Hansell-Elcock Co. v. Frankfort Marine Accident & Plate Glass Insurance

177 Ill. App. 500 | Ill. App. Ct. | 1913

Mr. Justice Graves

delivered the opinion of the court.

Appellee issued to appellant an insurance policy, insuring* it against loss arising* from bodily injury or death suffered by persons not employed by appellant. Appellant was engaged in constructing certain iron work about a building* then being erected. Alec Jacobson was a carpenter working about the same building, but was not in the employ of appellant. He was killed by being struck on the head by an iron rod negligently dropped by an employee of appellant. Suit was brought by the representatives of Jacobson against appellant and resulted in a judgment by agreement against it for $2,500, which was duly paid. This suit was then begun by appellant against the insurance company, appellee here, on the policy of insurance. Appellee pleaded, first, the general issue; second, that the policy was canceled before the injury to Jacobson; third and fourth, that the judgment made the basis of this suit was entered by the consent of appellant and without the consent of appellee; fifth, that appellant carried other insurance; and, sixth, that this suit was not brought within the time limited by the terms of the policy. By leave of court appellant replied double to the sixth plea: First, that when appellee was notified of the injury to Jacobson, it-denied all liability on the policy, on the claim that the policy had been canceled before the injury, and had thereby waived the benefit of the provisions of the policy limiting the time in which actions might be brought thereon; and, second, that the attorney for appellee had agreed with appellant to submit to the Eastern Adjuster of appellee the claim of appellant for indemnity for consideration and to report what settlement would be made; that a like promise was repeated at various times thereafter; that appellant relied on the good faith of appellee, and was by the foregoing facts led to believe that settlement of the claim would be made without suit, and allowed the limitation in the contract to expire, by reason whereof appellee waived the limitation clause of the policy. A demurrer was interposed to the two replications to the sixth plea and was sustained as to the first and overruled as to the second of such replications. A trial on the issues joined culminated in a directed verdict in favor of appellee.

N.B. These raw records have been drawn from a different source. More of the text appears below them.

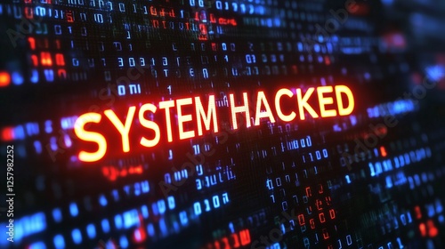 Digital code with 'system hacked' text symbolizes data breaches and cybersecurity threats.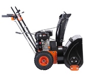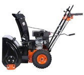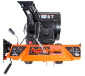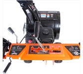 Снегоуборщик Huter SGC 4800EX обеспечивает мощность и производительность. Оснащенный двигателем мощностью 7 л.с, он позволяет убирать тяжелый мокрый снег с большой дальностью выброса. Он оснащен высокоэффективным четырехтактным двигателем. Преимущество этой машины — наличие электрического и ручного стартера. Для быстрого запуска можно использовать стартер от электросети 220 В. Если нет возможности подключиться к розетке, снегоуборщик все равно пригоден к работе с ручным запуском двигателя. Еще одна отличительная особенность модели — ковш высотой 54 см. Он позволяет убирать высокие пласты снега и эффективно очищать территорию за малое количество проходов. Ширина ковша — 68 см. Для удобства уборки в сумерках или условиях плохой освещенности доступна фара. Элементы управления удобно расположены около рукояток, что упрощает работу. Зимние шины обеспечивают хорошее сцепление на снегу и льду. Количество скоростей для движения вперед — пять, назад — две. Технические характеристики: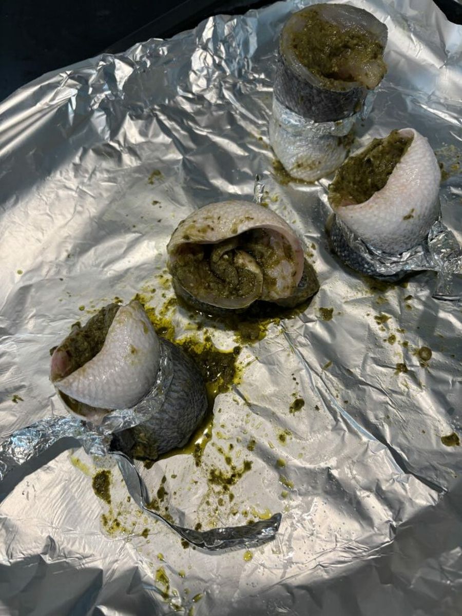 Ідеально! Сібас, напевно, одна з улюблених риб. А песто куди не додай – всюди він прекрасний 😀Тетяно, дякуємо за чергову смакоту. Рулетики важко скручувалися, але в готовому вигляді чудово тримають форму.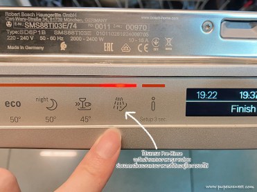 เครื่องล้างจาน BOSCH ใช้งานง่ายมากครับ แค่กวาดเศษอาหารชิ้นใหญ่ ๆ ทิ้งลงถังขยะ (หรือในกรณีของปูเป้คือทิ้งลงในเครื่องทำปุ๋ยจากเศษอาหาร) วางจานลงในเครื่องอย่างถูกวิธีเป็นสิ่งที่สำคัญมาก เพราะจานชามจะออกมาสะอาดแค่ไหน และอบได้แห้งสนิทแค่ไหน นอกจากประสิทธิภาพของเครื่องล้างจานแล้ว ก็อยู่ที่การวางจานชามอย่างถูกต้องครับ ซึ่งปูเป้จะให้รายละเอียดเพิ่มเติมด้านในส่วนต่อไปของบทความ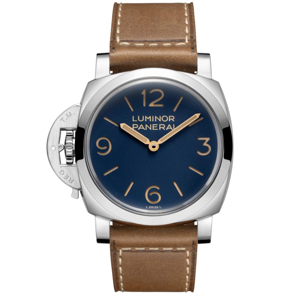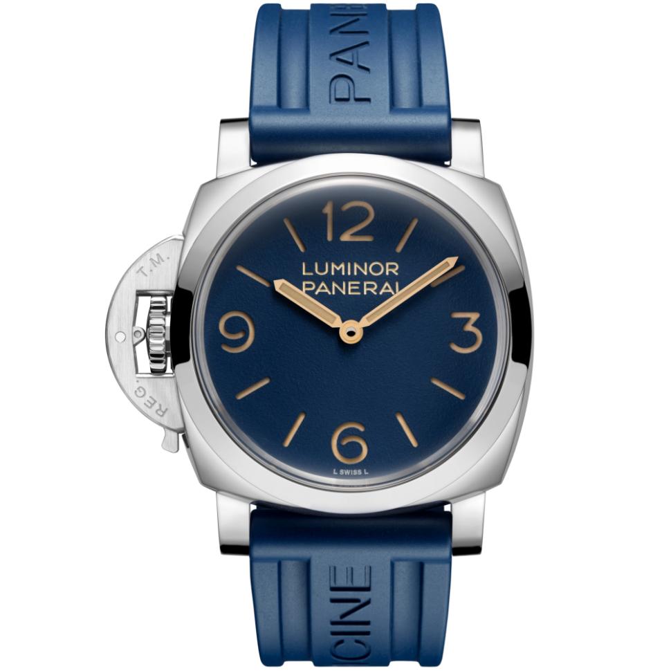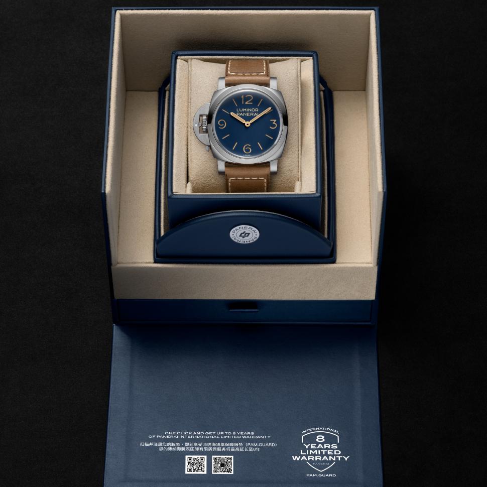 O Luminor Destro PAM01732 apresenta a ponte protetora da coroa no lado esquerdo da caixa, inspirada em modelos originalmente concebidos para auxiliar mergulhadores militares, liberando a mão esquerda para o uso de instrumentos como bússola ou medidor de profundidade. Giuseppe Panerai idealizou essa configuração especificamente para aprimorar as capacidades dos mergulhadores militares durante suas missões, permitindo que o relógio seja usado no pulso direito, com a ponte protetora da coroa garantindo conforto e facilidade de uso durante operações subaquáticas. O mostrador azul fosco exibe os numerais 12, 3, 6 e 9 e uma exibição limpa, sem pequenos segundos, oferecendo uma interpretação distinta dos códigos visuais do Luminor. O relógio é acompanhado por uma pulseira reta em couro de bezerro marrom claro em estilo vintage e uma segunda pulseira em borracha azul.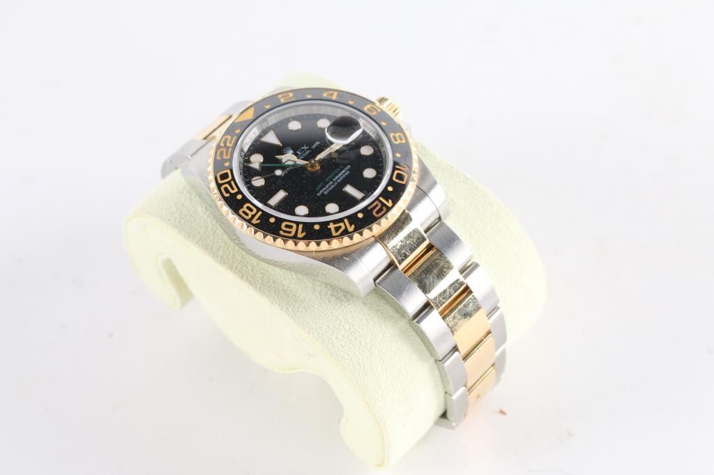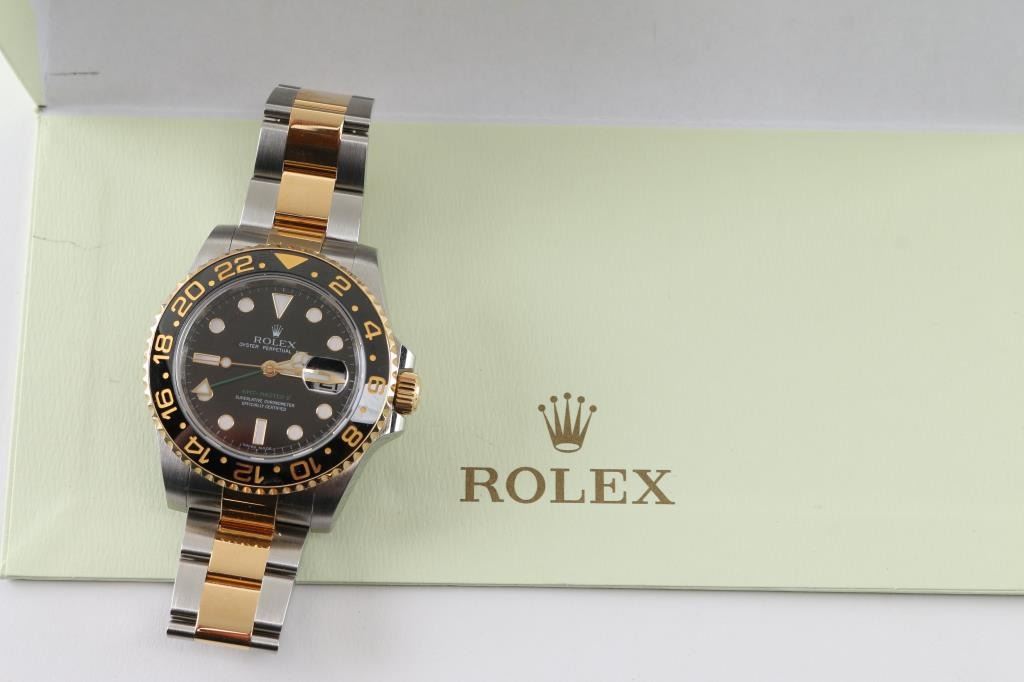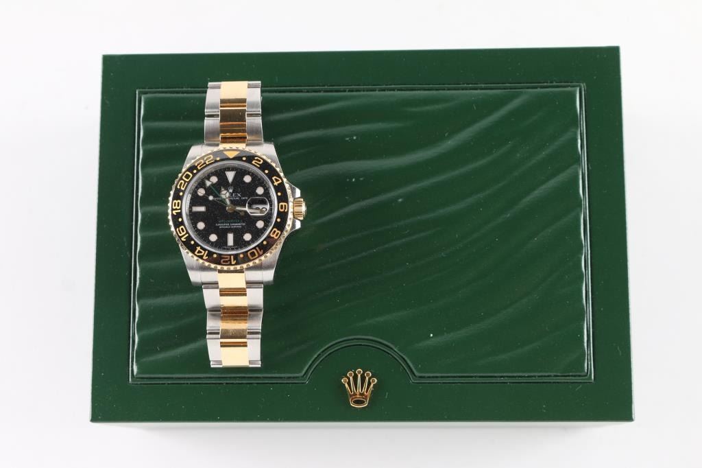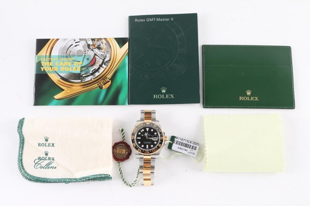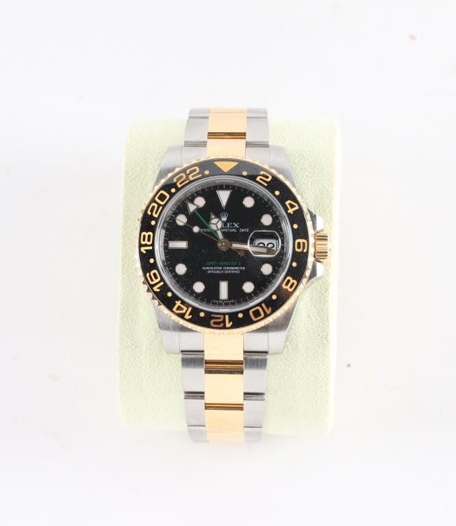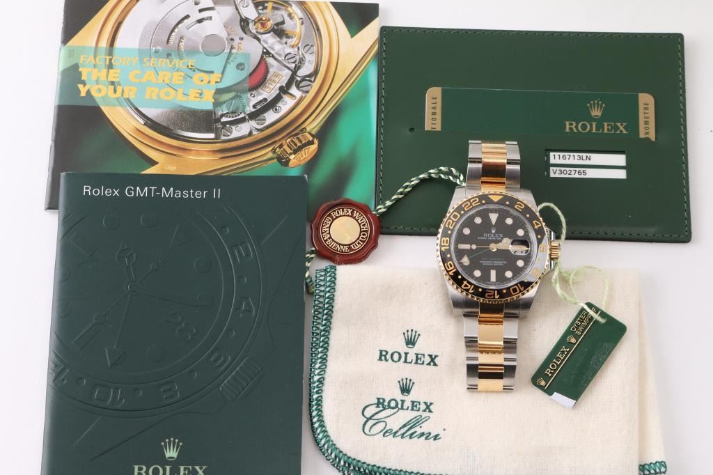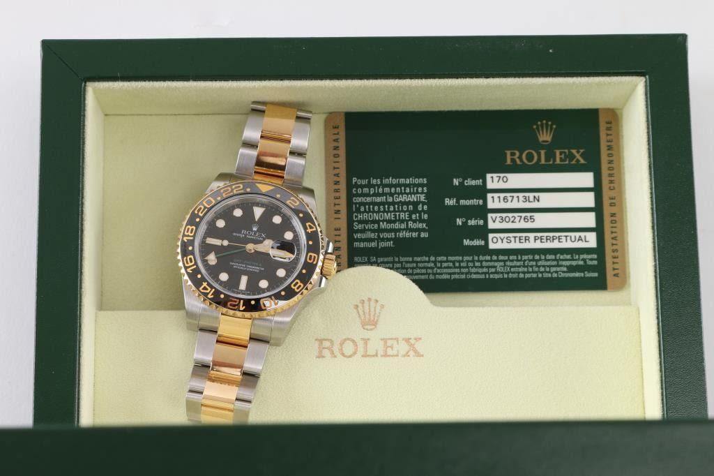 wristwatch, Black two-tone, 18K gold and stainless steel. RED116713LN Serial number V302765 Oyster Perpetual. Pre-owned Rolex GMT Master II, will never go out of style. Rolex's iconic pilot's watch first hit the market in the 1950s and continues to mesmerize horology buffs with its enduring and iconic aesthetic. Reference is a contemporary steel and gold Rolex, introduced in the late 2000s. It replaced the 5-digit series and brought a newer-style "Super" case, bracelet, movement, and Maxi dial. The bezel is now topped with a ceramic - aka Cerachrom - insert. This watch is undeniably modern and will appeal to nearly every collector. We also love the Rolex because it was recently discontinued to make way for the current generation of GMTs. It's a highly prized collector's item that we expect will only become more coveted long-term. Comes with original Rolex case, box, and Rolex card , hang tag, and manual.

The action of the court in sustaining the demurrer to the first replication to the sixth plea raises the question whether denying the existence and binding force of the policy, and denying any liability under the policy, is a waiver of the right of appellee to insist upon the limitation clause contained therein. The clause is as follows:

“Section 14. That no action shall be brought by the assured against the company upon this policy in any court after the expiration of the period from the date of the accident within which an action for injuries or damages may be brought against the assured, unless a suit be pending against the assured at the expiration of that time, in which event, an action for indemnity under this policy may be brought against the company within sixty days after the final determination of such action, and not afterwards.”

It was a valid and enforceable clause. Stephens v. Phoenix Assur. Co., 85 Ill. App. 671; Ronan v. Michigan Mut. Life Ins. Co., 96 Ill. App. 355. That it was inserted in the policy by appellee and for its benefit there can be no doubt. Neither can there be any doubt that appellee had the right to waive it at any time when it was available to it as a defense. Neither is there any doubt that basing a denial of liability solely on other grounds when the defense of limitation by contract was available would have been a waiver of that defense. The rule is well stated in Lohr Bottling Co. v. Ferguson, 223 Ill. 88, as follows:

“A party (to a contract) having a right to insist upon a condition precedent to the payment of money or other performance on his part will waive the condition precedent by a total denial of liability or by placing his refusal to perform on other grounds.”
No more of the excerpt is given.